WHAT THIS TASK INVOLVES: When you reach a picture, pass over it; otherwise repeat the listing word for word.

===== DATA PROVIDED =====

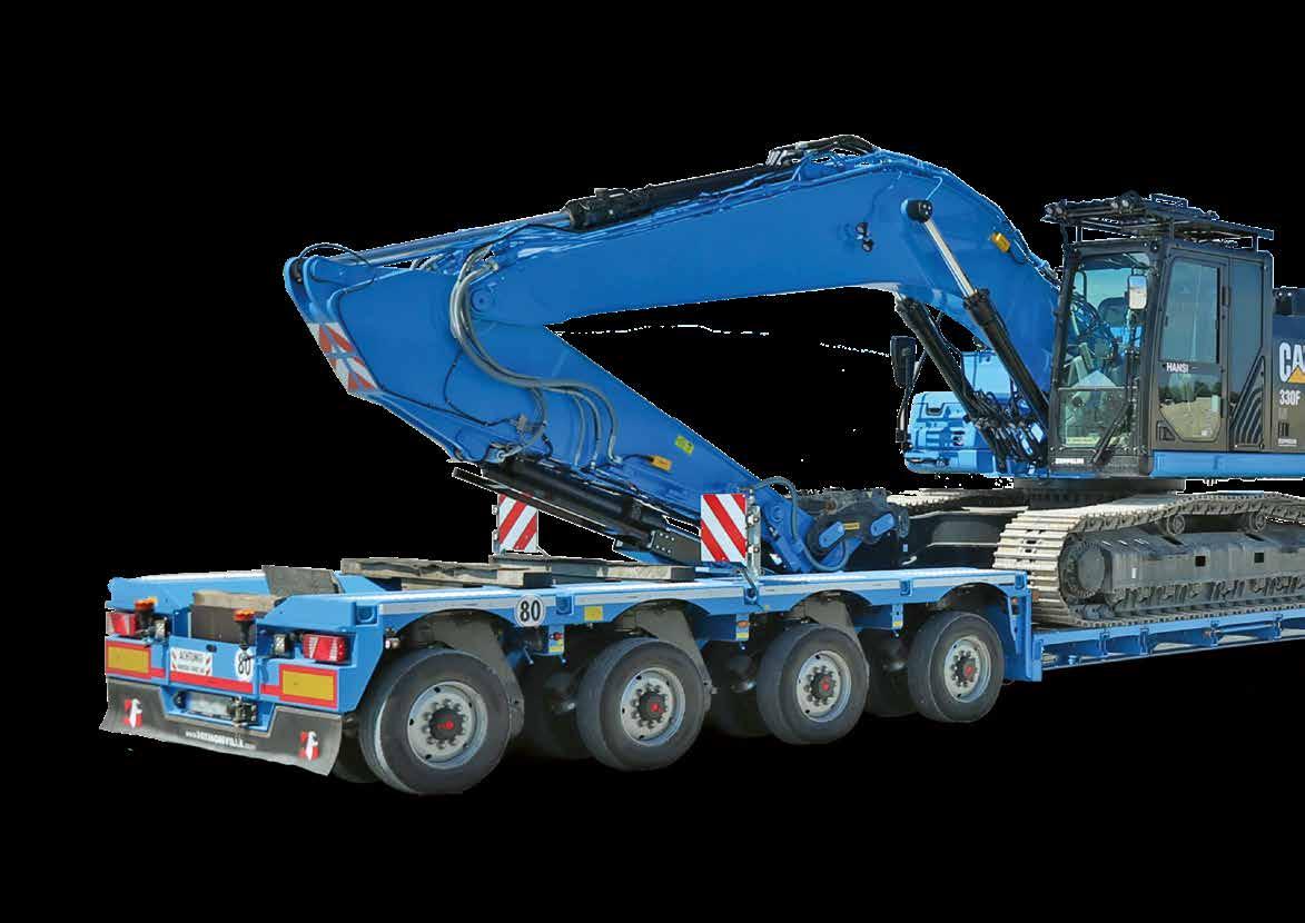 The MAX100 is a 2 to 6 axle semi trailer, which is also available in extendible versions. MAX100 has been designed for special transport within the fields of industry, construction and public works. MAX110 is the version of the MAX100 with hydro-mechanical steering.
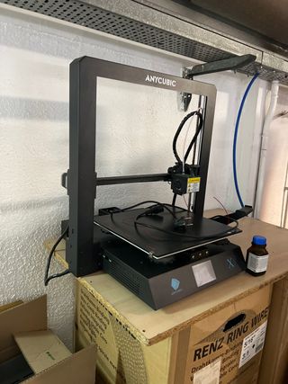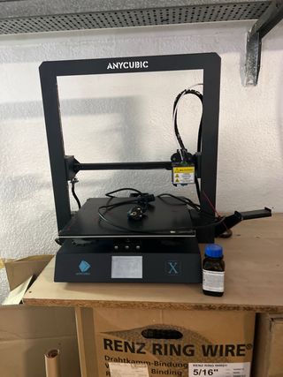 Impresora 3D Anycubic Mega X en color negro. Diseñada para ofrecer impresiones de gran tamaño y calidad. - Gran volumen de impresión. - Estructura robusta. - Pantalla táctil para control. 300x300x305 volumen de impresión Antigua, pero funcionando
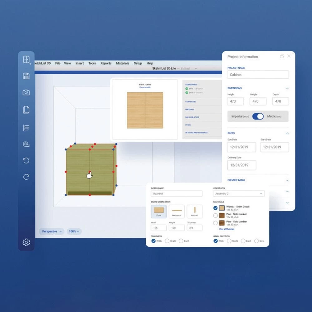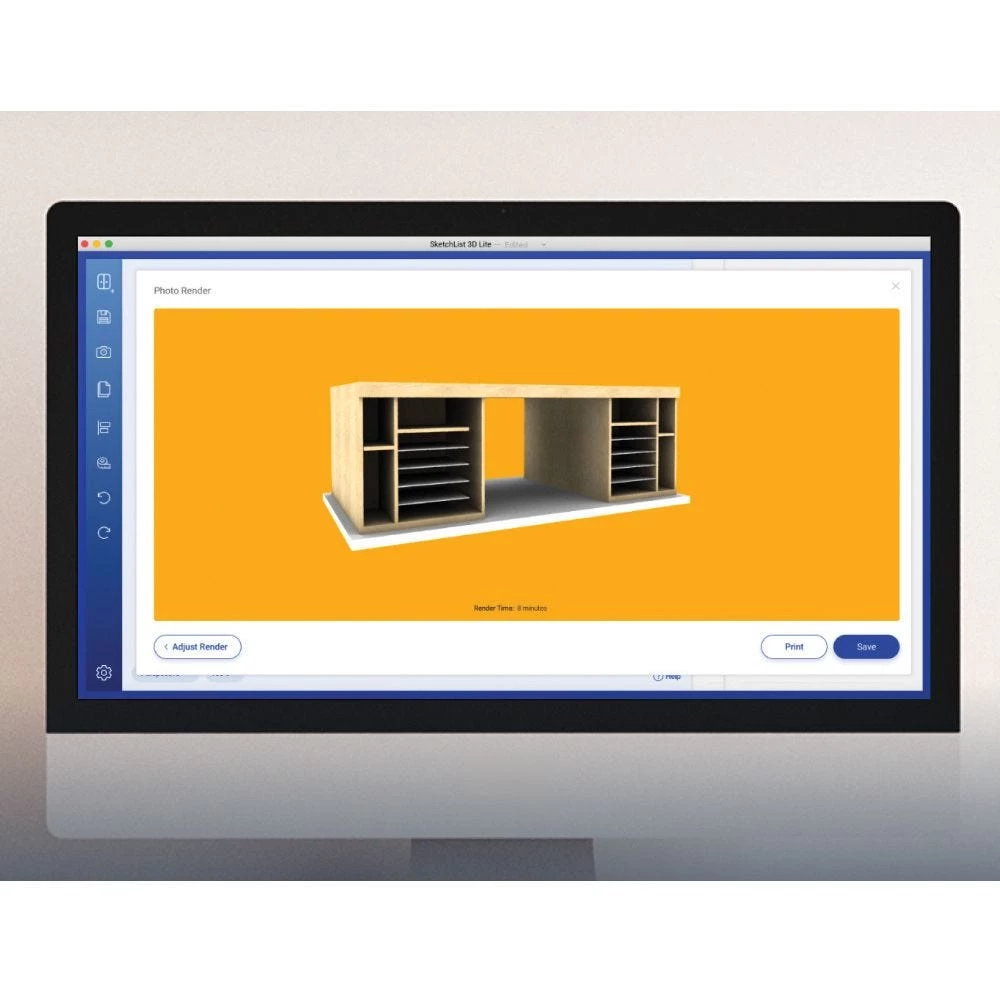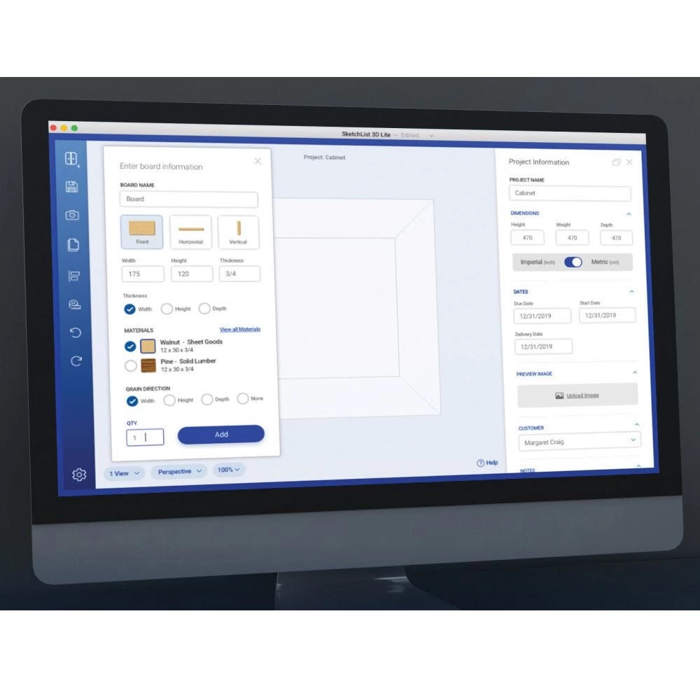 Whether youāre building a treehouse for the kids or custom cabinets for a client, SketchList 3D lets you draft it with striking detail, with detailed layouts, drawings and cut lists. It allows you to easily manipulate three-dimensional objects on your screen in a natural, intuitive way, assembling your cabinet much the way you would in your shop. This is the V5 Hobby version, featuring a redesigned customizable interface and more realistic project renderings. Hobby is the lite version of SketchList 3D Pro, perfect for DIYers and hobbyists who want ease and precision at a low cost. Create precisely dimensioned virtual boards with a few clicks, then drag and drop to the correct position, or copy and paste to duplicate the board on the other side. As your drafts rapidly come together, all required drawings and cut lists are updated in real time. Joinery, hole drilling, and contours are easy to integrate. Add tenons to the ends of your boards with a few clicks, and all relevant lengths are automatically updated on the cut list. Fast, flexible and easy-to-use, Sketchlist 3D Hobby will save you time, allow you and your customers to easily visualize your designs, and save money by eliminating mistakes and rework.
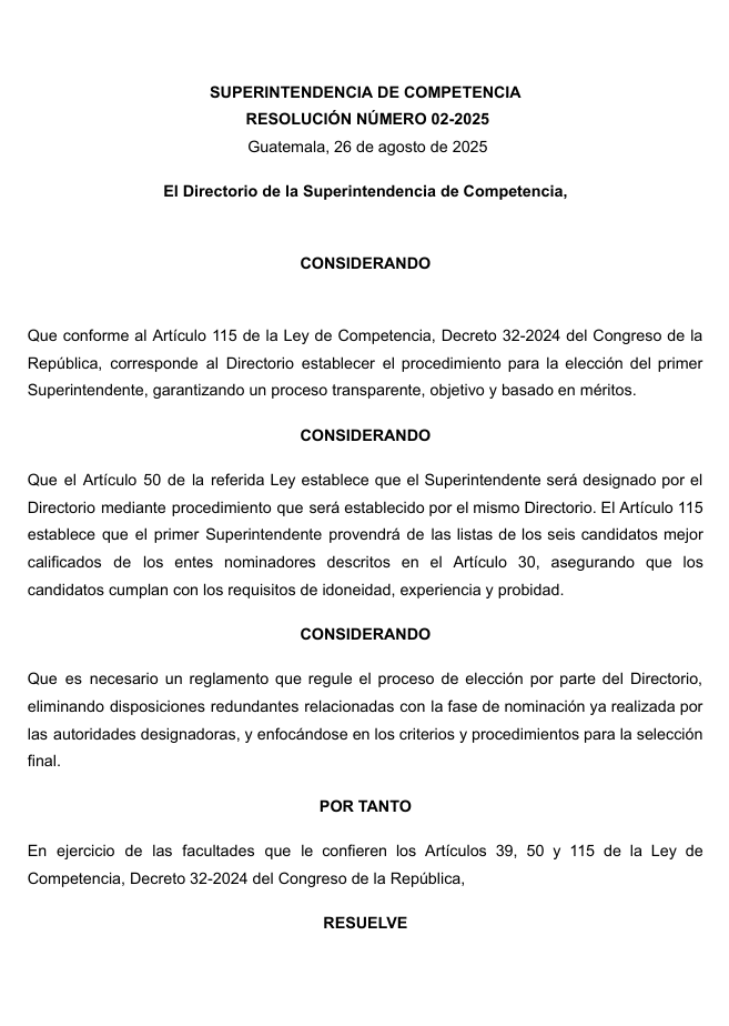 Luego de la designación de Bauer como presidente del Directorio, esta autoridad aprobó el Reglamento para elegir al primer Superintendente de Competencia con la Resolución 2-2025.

=====

RESULT BELOW:
 The MAX100 is a 2 to 6 axle semi trailer, which is also available in extendible versions. MAX100 has been designed for special transport within the fields of industry, construction and public works. MAX110 is the version of the MAX100 with hydro-mechanical steering.
 Impresora 3D Anycubic Mega X en color negro. Diseñada para ofrecer impresiones de gran tamaño y calidad. - Gran volumen de impresión. - Estructura robusta. - Pantalla táctil para control. 300x300x305 volumen de impresión Antigua, pero funcionando
 Whether youāre building a treehouse for the kids or custom cabinets for a client, SketchList 3D lets you draft it with striking detail, with detailed layouts, drawings and cut lists. It allows you to easily manipulate three-dimensional objects on your screen in a natural, intuitive way, assembling your cabinet much the way you would in your shop. This is the V5 Hobby version, featuring a redesigned customizable interface and more realistic project renderings. Hobby is the lite version of SketchList 3D Pro, perfect for DIYers and hobbyists who want ease and precision at a low cost. Create precisely dimensioned virtual boards with a few clicks, then drag and drop to the correct position, or copy and paste to duplicate the board on the other side. As your drafts rapidly come together, all required drawings and cut lists are updated in real time. Joinery, hole drilling, and contours are easy to integrate. Add tenons to the ends of your boards with a few clicks, and all relevant lengths are automatically updated on the cut list. Fast, flexible and easy-to-use, Sketchlist 3D Hobby will save you time, allow you and your customers to easily visualize your designs, and save money by eliminating mistakes and rework.
 Luego de la designación de Bauer como presidente del Directorio, esta autoridad aprobó el Reglamento para elegir al primer Superintendente de Competencia con la Resolución 2-2025.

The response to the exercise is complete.